Branching and oscillations in the epigenetic landscape of cell-fate determination.

Author information

1
Institute of Mathematical Sciences and Physics, University of the Philippines Los Baños, College, Laguna 4031, Philippines. Electronic address: jfrabajante@up.edu.ph.
2
Institute of Mathematical Sciences and Physics, University of the Philippines Los Baños, College, Laguna 4031, Philippines.

Abstract

The well-known Waddington's epigenetic landscape of cell-fate determination is not static but varies because of the dynamic gene regulation during development. However, existing mathematical models with few state variables and fixed parameters are inadequate in characterizing the temporal transformation of the landscape.

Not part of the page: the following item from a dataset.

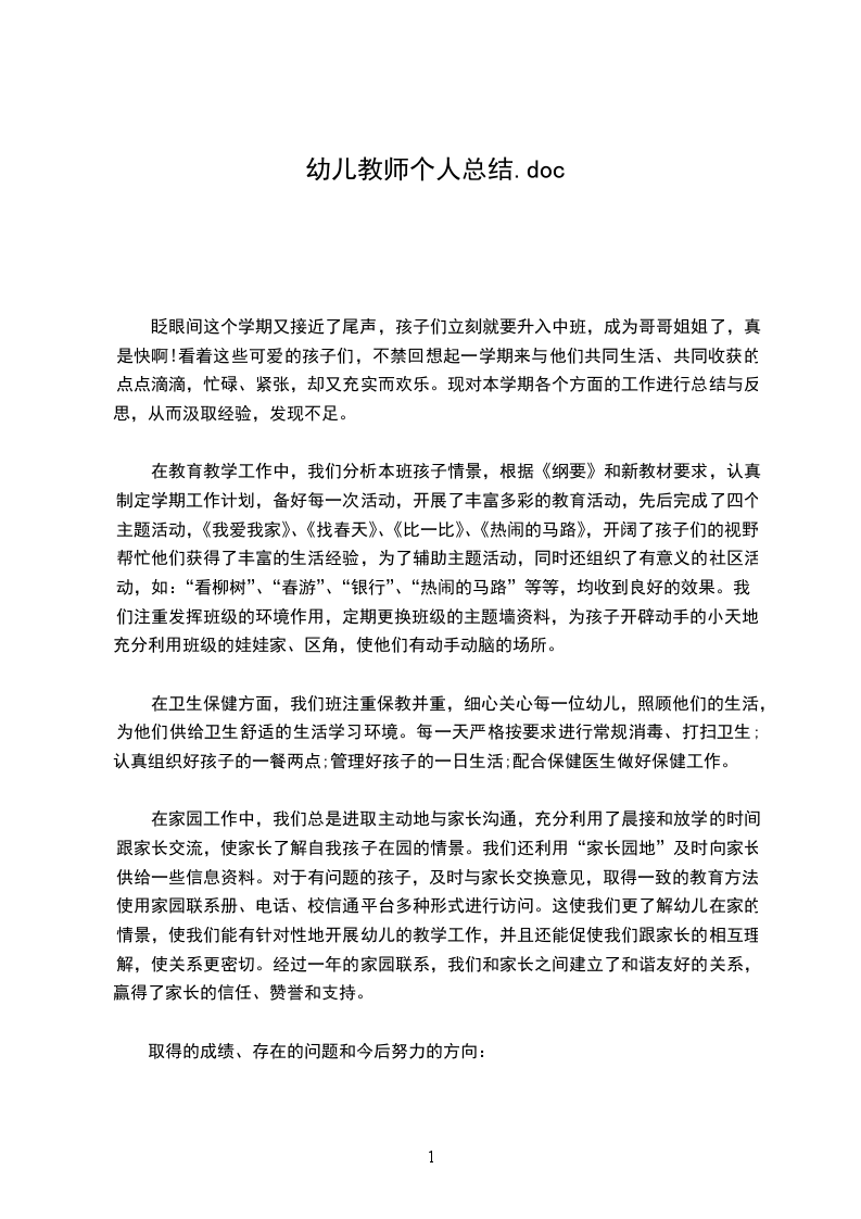 一个学期以来,我与家长们相处得很愉快,工作得到了家长们的一致认可和表扬。平时,经常通过面谈的形式来与家长们交流教育心得,交流幼儿在家、在园的表现情况,共同寻找出教育幼儿的方法,仔细聆听家长们的意见和看法。其次。按时更换家园联系栏。给家长们提供的幼教咨讯。班上的各项活动需要家长支持时,家长们都给予了的支持。

Here we simulate a decision-switch model of gene regulation with more than two state variables and with time-varying repression among regulatory factors. We are able to demonstrate multi-lineage differentiation at different timescales that portrays the branching canals in Waddington's illustration. We also present a repressilator-type system that activates suppressed genes via sustained oscillations in a flattened landscape, hence providing an alternative scheme for cellular reprogramming. The time-dependent parameters governed by gradient-based dynamics regulate cell differentiation, dedifferentiation and transdifferentiation. Our prediction integrates the theories of branching and structural oscillations in cell-fate determination, which reveals key temporal patterns of cell differentiation and associated diseases, such as cancer.

KEYWORDS:

Attractor; Gene regulatory network; Multistability; Pluripotency; Stem cells; Synthetic biology

[Indexed for MEDLINE]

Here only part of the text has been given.